Could you restate the data word for word and drop the pictures?

+ + +

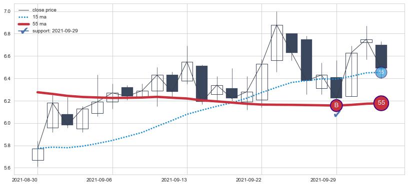 ⚅ 卖点向下突破均线后,价格走势有持续向下的迹象,但动能稍显不足,迟迟不能远离均线
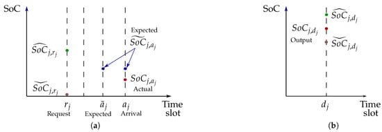 , and the actual SoC at the departure . Then, notice that the actual arrival SoC and the reported SoC at the request are generally different, i.e., (see Figure 2a).
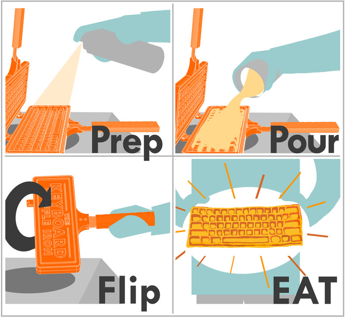 Почему именно форма клавиатуры? — Крис Даймино объясняет, что клавиши на классической компьютерной клавиатуре идеально подходят в качестве разделения большой вафли на порции. Стоит отметить, что каждый человек, пожертвовавший деньги в проект Keyboard Waffle Iron, кроме самой вафельницы получит также и цифровую книгу рецептов для изготовления различной интересной выпечки с помощью этого устройства. Если вы не знаете что такое вафельница, то они обычно представляют собой формы для запекания теста.
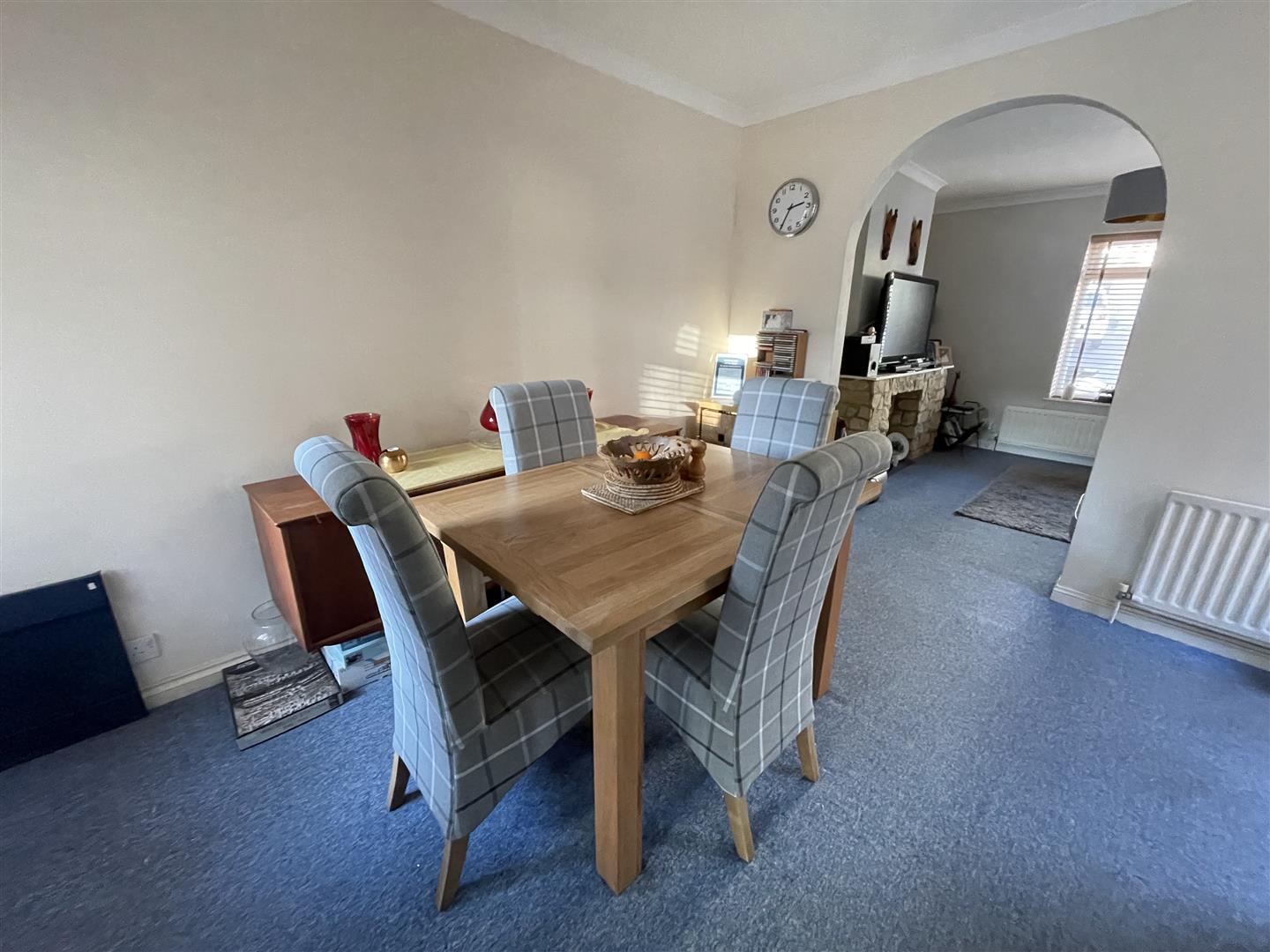 The accommodation comprises a sitting room which has a double aspect and a stone fireplace with an inset electric fire. This leads to a dining room which has stairs to the first floor and useful storage under.
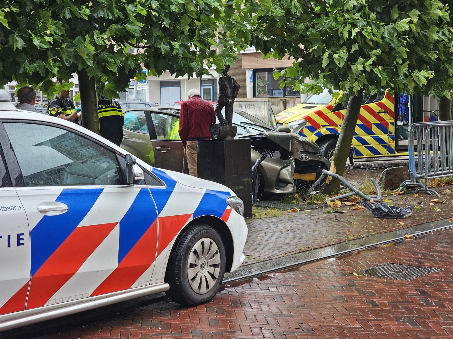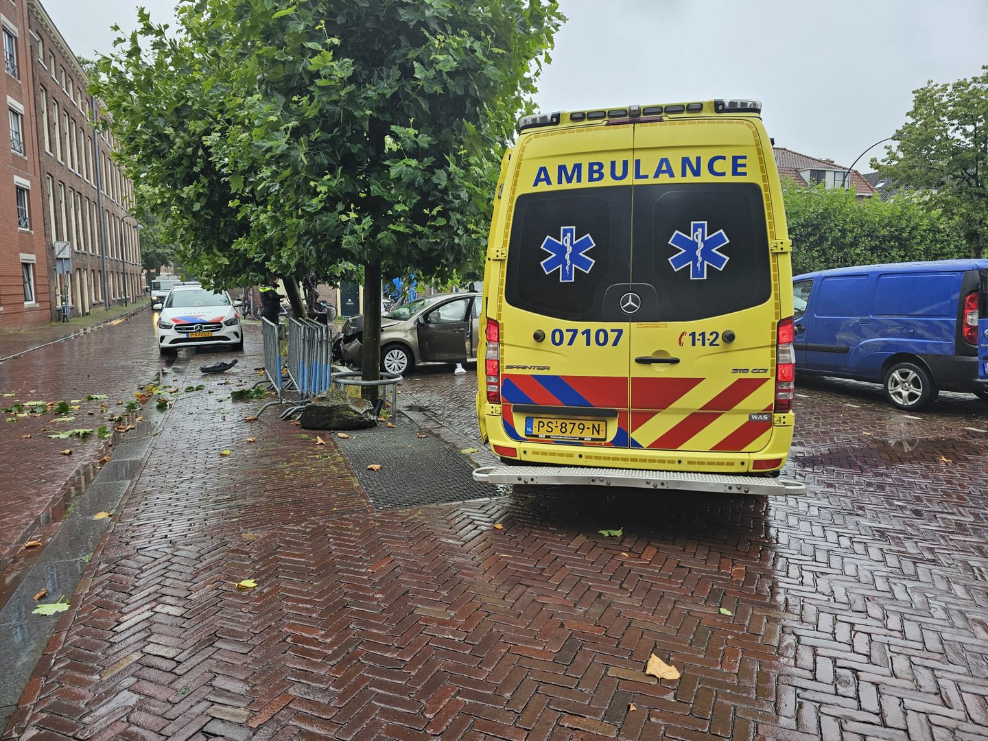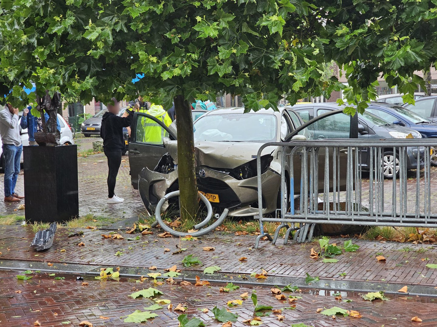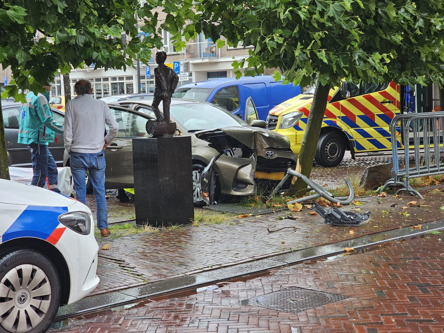 De gemeente is ter plaatse om de schade te herstellen en de auto wordt afgesleept.
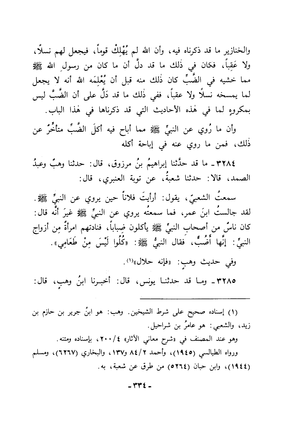 3284 - مَا قَدْ حَدَّثَنَا إبْرَاهِيمُ بْنُ مَرْزُوقٍ قَالَ: حَدَّثَنَا وَهْبٌ، وَعَبْدُ الصَّمَدِ قَالَا: حَدَّثَنَا شُعْبَةُ، عَنْ تَوْبَةَ الْعَنْبَرِيِّ قَالَ: سَمِعْتُ الشَّعْبِيَّ، يَقُولُ: أَرَأَيْتَ فُلَانًا حِينَ يَرْوِي عَنِ النَّبِيِّ صَلَّى اللَّهُ عَلَيْهِ وَسَلَّمَ. لَقَدْ جَالَسْتُ ابْنَ عُمَرَ، فَمَا سَمِعْتُهُ يَرْوِي عَنِ النَّبِيِّ صَلَّى اللَّهُ عَلَيْهِ وَسَلَّمَ غَيْرَ أَنَّهُ قَالَ: كَانَ نَاسٌ مِنْ أَصْحَابِ النَّبِيِّ صَلَّى اللَّهُ عَلَيْهِ وَسَلَّمَ يَأْكُلُونَ ضِبَابًا، فَنَادَتْهُمُ امْرَأَةٌ مِنْ أَزْوَاجِ النَّبِيِّ: إنَّهَا أَضُبٌّ، فَقَالَ النَّبِيُّ صَلَّى اللَّهُ عَلَيْهِ وَسَلَّمَ: " كُلُوا، لَيْسَ مِنْ طَعَامِي "، وَفِي حَدِيثِ وَهْبٍ " فَإِنَّهُ حَلَالٌ "
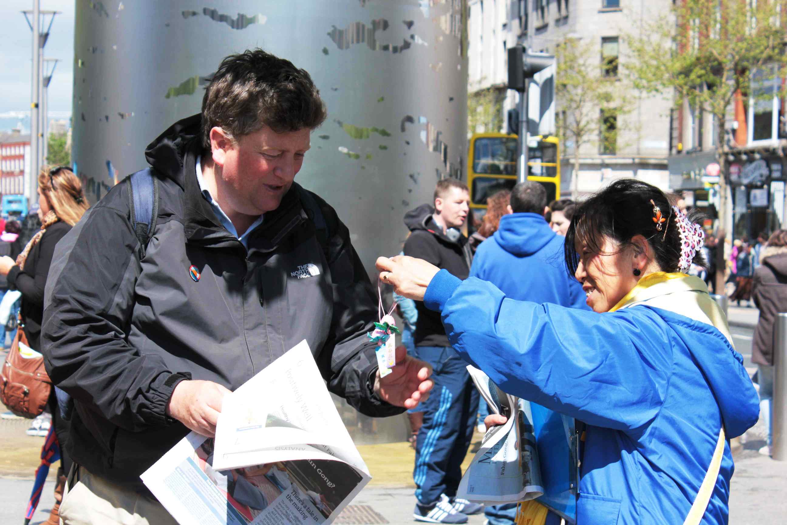 【明慧网二零一三年五月十五日】(明慧记者李凤翔爱尔兰都柏林报道)为庆祝每年一度的“5•13世界法轮大法日”,爱尔兰法轮功学员于二零一三年五月十一日,在都柏林市中心举行了庆典活动。活动包括游行和集会,吸引了大量的民众驻足观看。
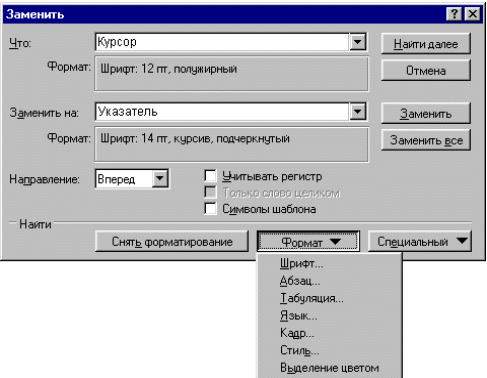 Поиска и замены форматирования и стилей. Например, найти весь подчеркнутый текст и заменить его на курсив, или найти все абзацы с определенным стилем, чтобы применить к ним другой стиль, или изменять фрагмент текста только в тех случаях, когда он встречается в абзаце определенного стиля. При замене формата заменяется каждое его вхождение, например, если заменять шрифт Arial на шрифт Times New Roman, то измениться и полужирный текст с шрифтом Arial на полужирный текст с шрифтом Times New Roman.
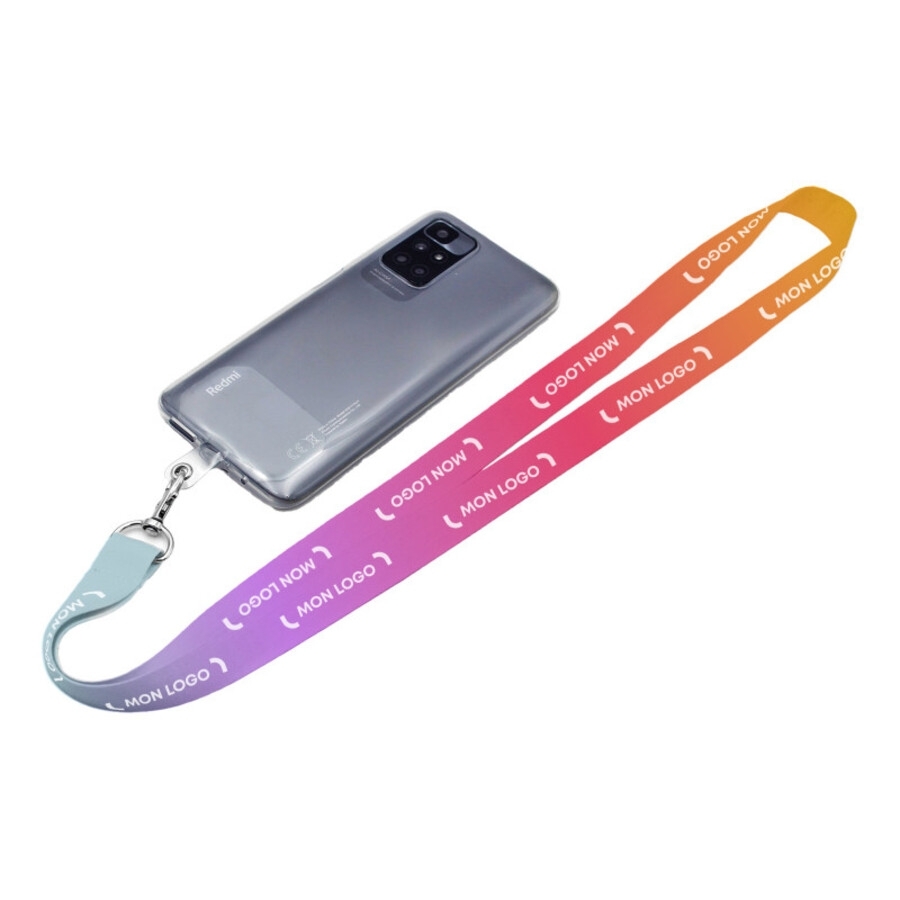 Lanière en polyester. Mousqueton et patch pour téléphone inclus.
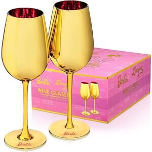 Stemmed Wine Set: These stunning wine glasses feature iconic Barbie Dreamhouse colors and style to give you the ultimate Barbie experience at home; comes with two gold metallic glasses with pink interior embellished with signature Barbie branding on the base

+ + +

→ **Response**
 ⚅ 卖点向下突破均线后,价格走势有持续向下的迹象,但动能稍显不足,迟迟不能远离均线
 , and the actual SoC at the departure . Then, notice that the actual arrival SoC and the reported SoC at the request are generally different, i.e., (see Figure 2a).
 Почему именно форма клавиатуры? — Крис Даймино объясняет, что клавиши на классической компьютерной клавиатуре идеально подходят в качестве разделения большой вафли на порции. Стоит отметить, что каждый человек, пожертвовавший деньги в проект Keyboard Waffle Iron, кроме самой вафельницы получит также и цифровую книгу рецептов для изготовления различной интересной выпечки с помощью этого устройства. Если вы не знаете что такое вафельница, то они обычно представляют собой формы для запекания теста.
 The accommodation comprises a sitting room which has a double aspect and a stone fireplace with an inset electric fire. This leads to a dining room which has stairs to the first floor and useful storage under.
 De gemeente is ter plaatse om de schade te herstellen en de auto wordt afgesleept.
 3284 - مَا قَدْ حَدَّثَنَا إبْرَاهِيمُ بْنُ مَرْزُوقٍ قَالَ: حَدَّثَنَا وَهْبٌ، وَعَبْدُ الصَّمَدِ قَالَا: حَدَّثَنَا شُعْبَةُ، عَنْ تَوْبَةَ الْعَنْبَرِيِّ قَالَ: سَمِعْتُ الشَّعْبِيَّ، يَقُولُ: أَرَأَيْتَ فُلَانًا حِينَ يَرْوِي عَنِ النَّبِيِّ صَلَّى اللَّهُ عَلَيْهِ وَسَلَّمَ. لَقَدْ جَالَسْتُ ابْنَ عُمَرَ، فَمَا سَمِعْتُهُ يَرْوِي عَنِ النَّبِيِّ صَلَّى اللَّهُ عَلَيْهِ وَسَلَّمَ غَيْرَ أَنَّهُ قَالَ: كَانَ نَاسٌ مِنْ أَصْحَابِ النَّبِيِّ صَلَّى اللَّهُ عَلَيْهِ وَسَلَّمَ يَأْكُلُونَ ضِبَابًا، فَنَادَتْهُمُ امْرَأَةٌ مِنْ أَزْوَاجِ النَّبِيِّ: إنَّهَا أَضُبٌّ، فَقَالَ النَّبِيُّ صَلَّى اللَّهُ عَلَيْهِ وَسَلَّمَ: " كُلُوا، لَيْسَ مِنْ طَعَامِي "، وَفِي حَدِيثِ وَهْبٍ " فَإِنَّهُ حَلَالٌ "
 【明慧网二零一三年五月十五日】(明慧记者李凤翔爱尔兰都柏林报道)为庆祝每年一度的“5•13世界法轮大法日”,爱尔兰法轮功学员于二零一三年五月十一日,在都柏林市中心举行了庆典活动。活动包括游行和集会,吸引了大量的民众驻足观看。
 Поиска и замены форматирования и стилей. Например, найти весь подчеркнутый текст и заменить его на курсив, или найти все абзацы с определенным стилем, чтобы применить к ним другой стиль, или изменять фрагмент текста только в тех случаях, когда он встречается в абзаце определенного стиля. При замене формата заменяется каждое его вхождение, например, если заменять шрифт Arial на шрифт Times New Roman, то измениться и полужирный текст с шрифтом Arial на полужирный текст с шрифтом Times New Roman.
 Lanière en polyester. Mousqueton et patch pour téléphone inclus.
 Stemmed Wine Set: These stunning wine glasses feature iconic Barbie Dreamhouse colors and style to give you the ultimate Barbie experience at home; comes with two gold metallic glasses with pink interior embellished with signature Barbie branding on the base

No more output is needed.